3. An automatic voltage internal resistance detector according to claim 1 or 2, characterized in that: the first conveying mechanism and the second conveying mechanism are both provided with lifting modules; the lifting module comprises a second power source and a supporting plate connected with the output end of the second power source.

4. A voltage internal resistance automatic detector according to claim 3, characterized in that: and a sensor is arranged on the lifting track side of the supporting plate.

5. The automatic voltage internal resistance detector according to claim 1, wherein: the cell correction mechanism further comprises a correction bracket base; the correction support is hinged to the correction support base, and the first driving source drives the correction support to swing on the correction support base.

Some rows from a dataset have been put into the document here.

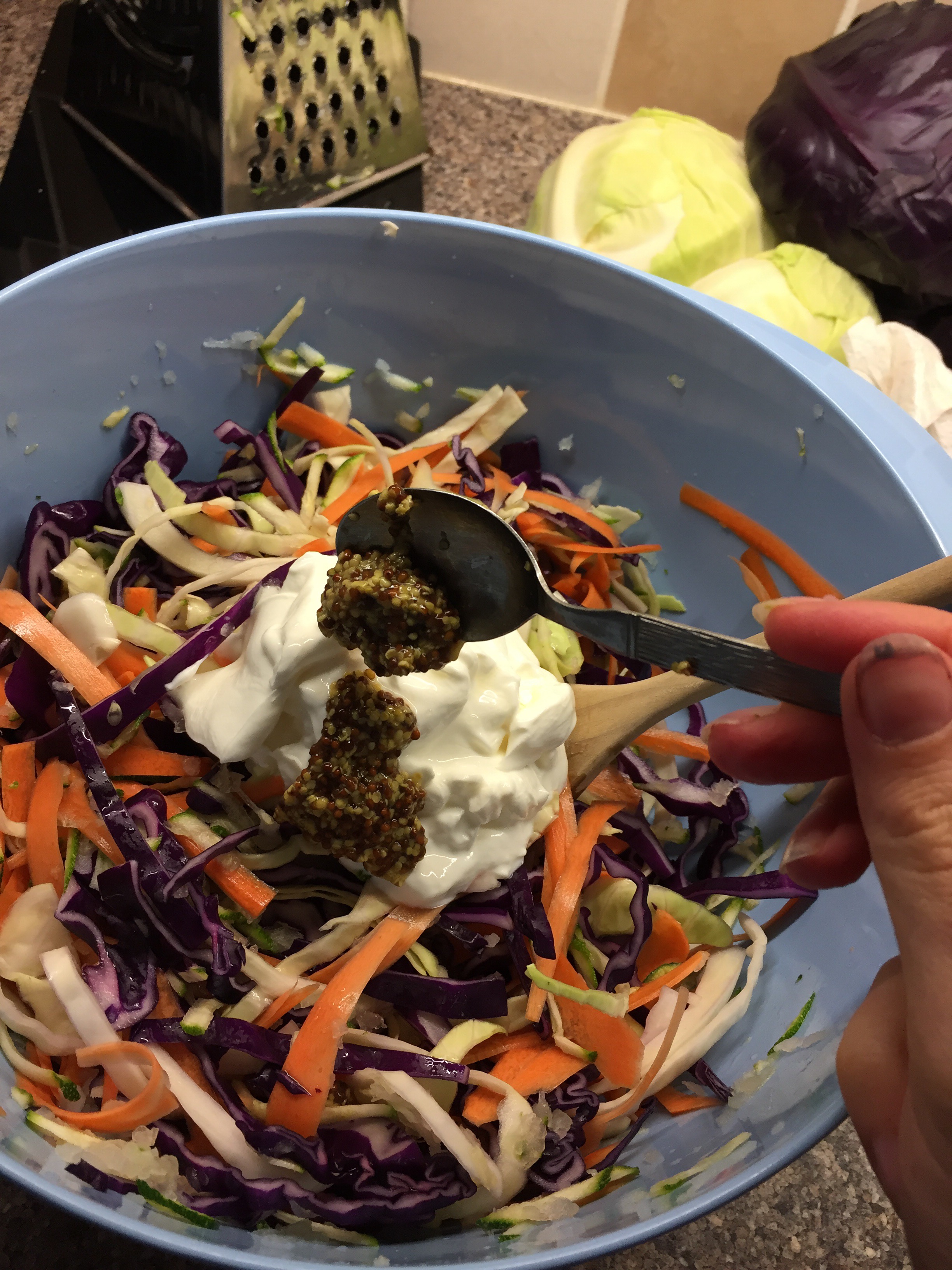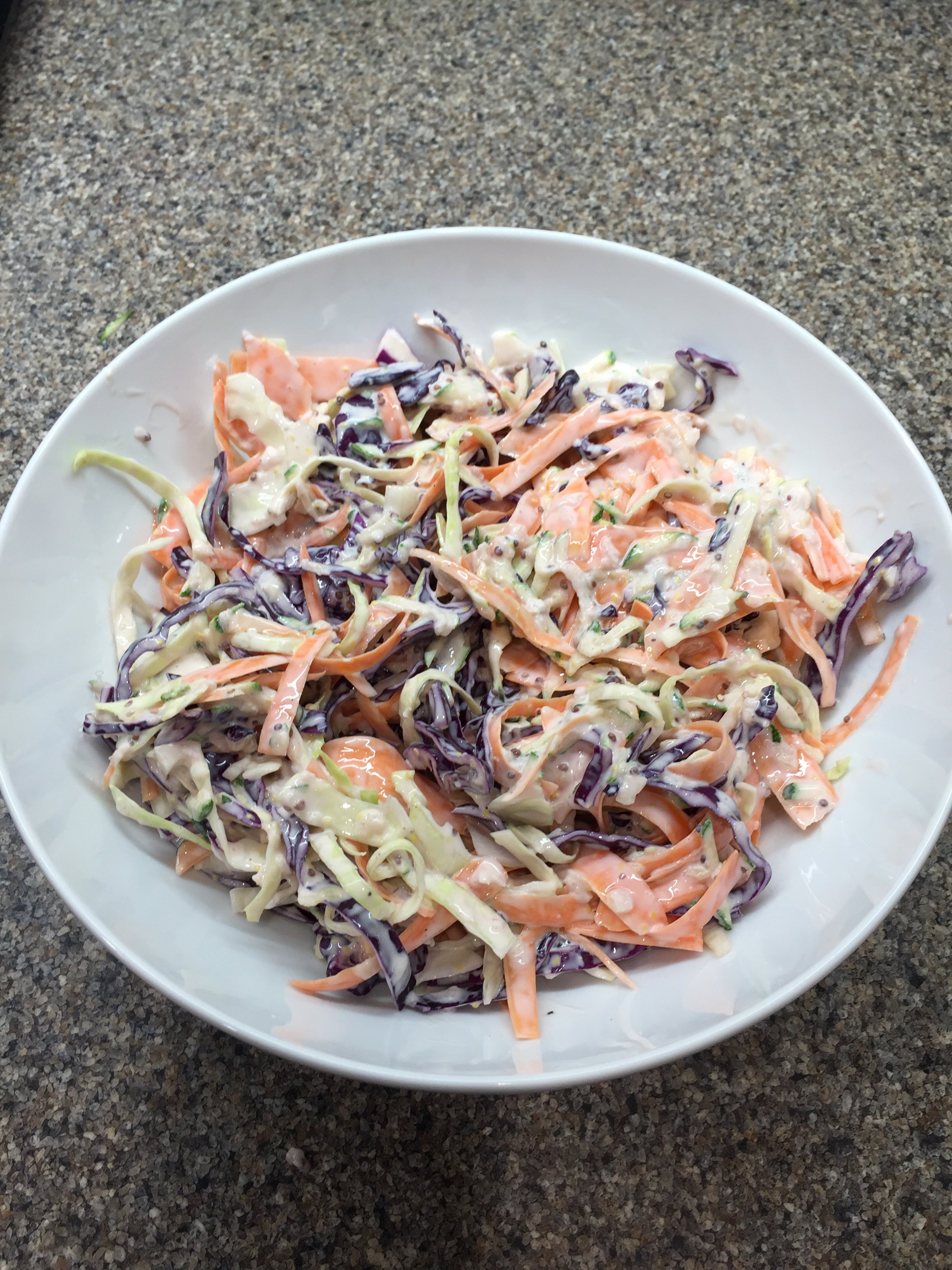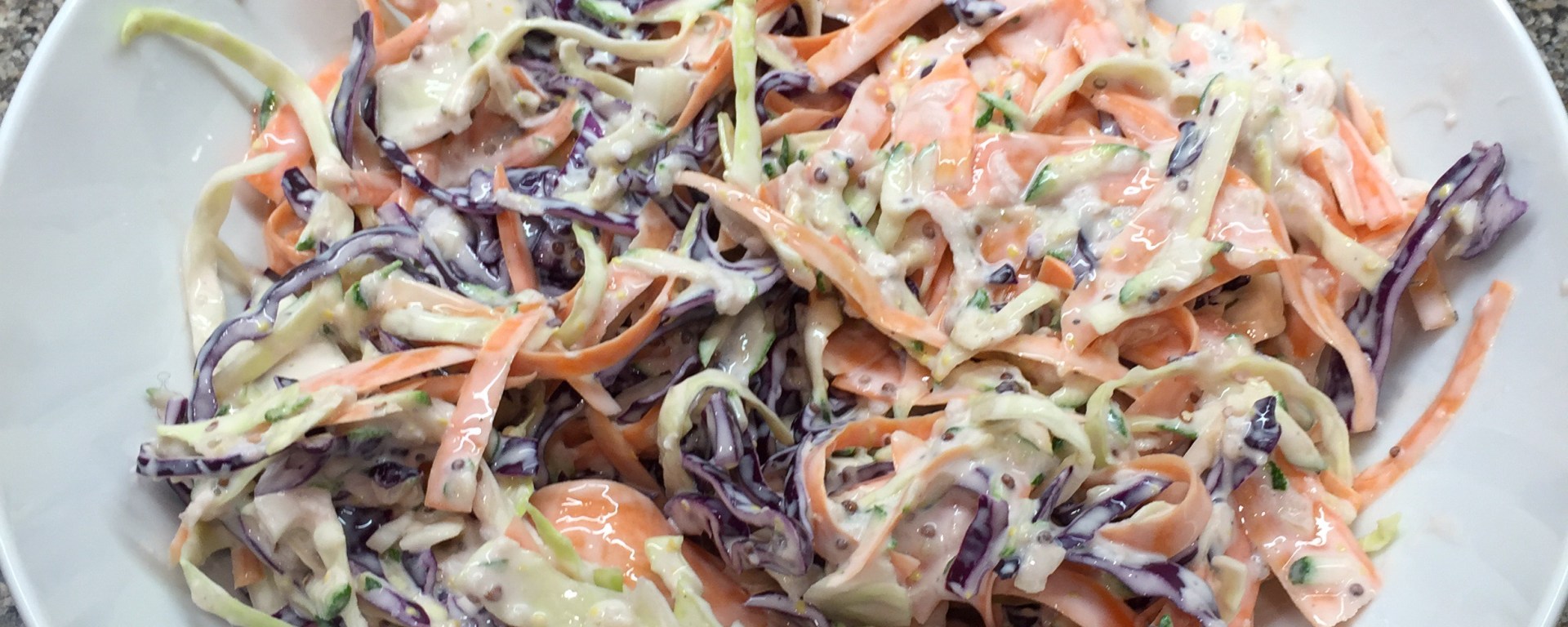 This recipe turns coleslaw into a fabulously healthy dish and it’s so easy to do (I have no idea why I’ve been buying the pre prepared stuff so much when I could be doing this more!)
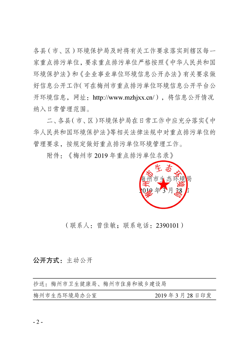 梅州市環(huán)境保護(hù)局關(guān)于公布《梅州市2019年重點(diǎn)排污單位名錄》的通知
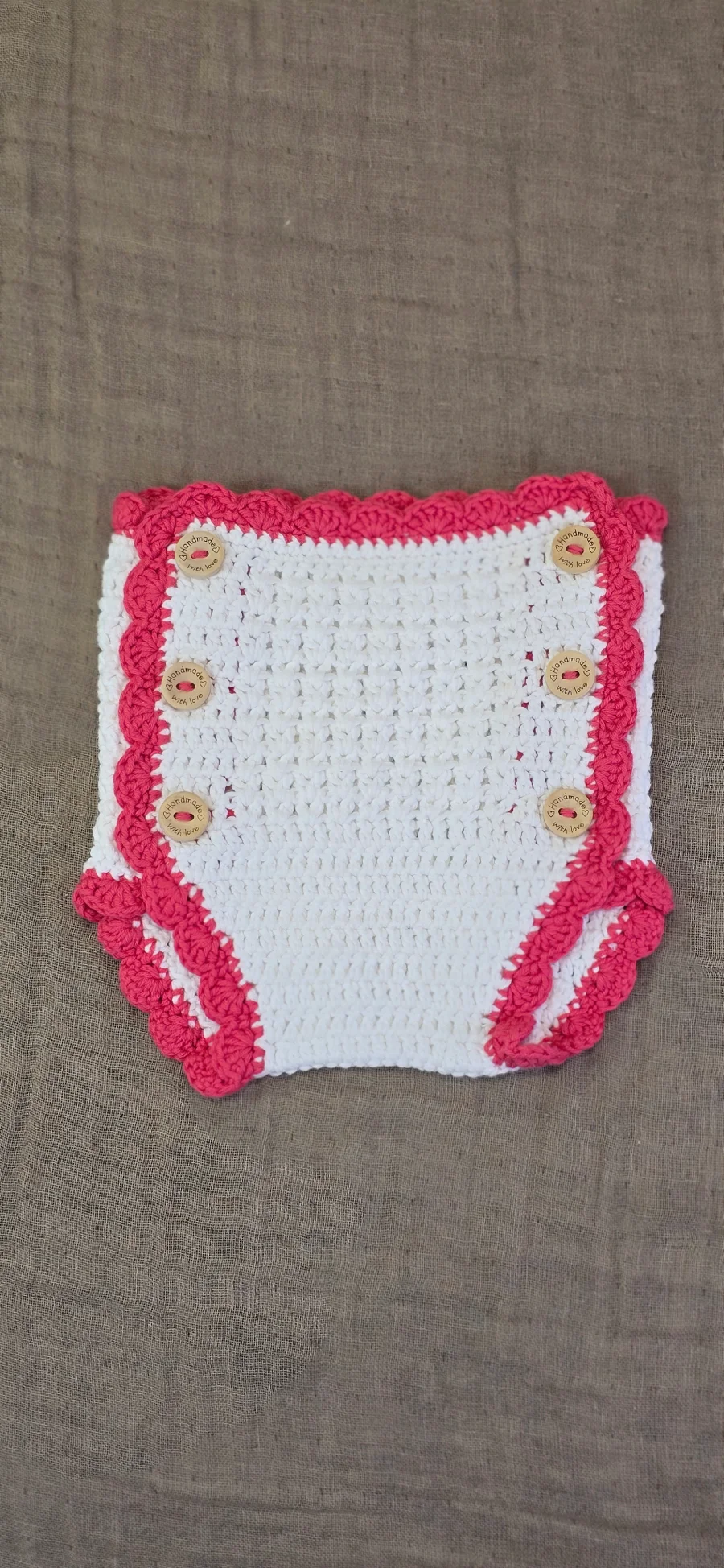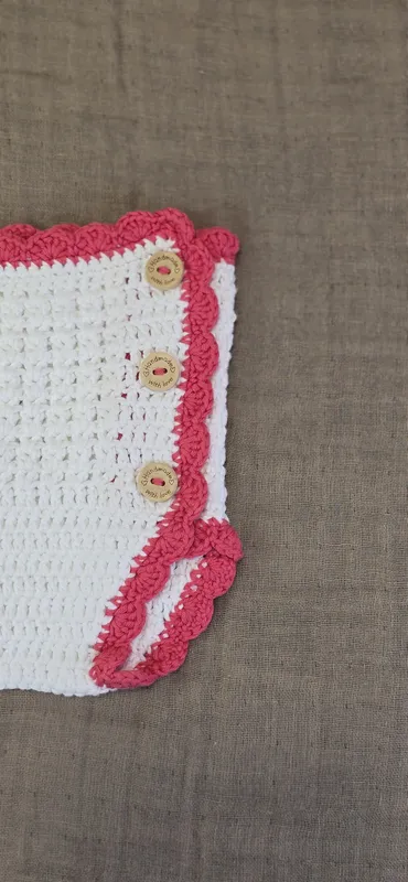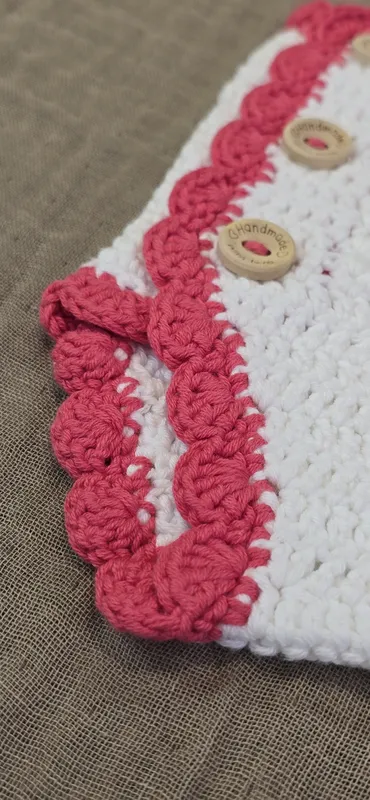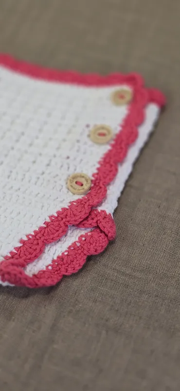 Cubre pañal en crochet, con detalles en punto V y ondas. Hecho 100% a mano.

6. The automatic voltage internal resistance detector according to claim 1, wherein: the detection mechanism further comprises a third driving source and a mounting plate connected with the output end of the third driving source; the detection probe is arranged on the mounting plate; the third driving source drives the detection probe to move towards the electric core seat.

7. The automatic voltage internal resistance detector according to claim 1, wherein: the screening mechanism is arranged beside the downstream side of the detection mechanism; the screening mechanism comprises a chute which is obliquely arranged and a recovery box which is connected with the chute.

8. The automatic voltage internal resistance detector according to claim 7, wherein: a material supplementing mechanism is arranged between the second conveying mechanism and the screening mechanism; the feeding mechanism comprises a linear module and a feeding bin arranged on the linear module; the transfer mechanism is provided with a second sucker group; the second sucker group moves back and forth between the material supplementing bin and the second conveying mechanism.

9. The automatic voltage internal resistance detector according to claim 8, wherein: the first sucker group is arranged on a first bracket, the first bracket is connected with a first belt, and the first servo motor drives the first belt; the second sucking disc group sets up at the second support, second support connection second belt, second servo motor drive second belt.

10. The automatic voltage internal resistance detector according to claim 1, wherein: the device also comprises a case and a protective cover arranged on the case; the first conveying mechanism extends out of the left side of the protective cover, and the second conveying mechanism extends out of the right side of the protective cover.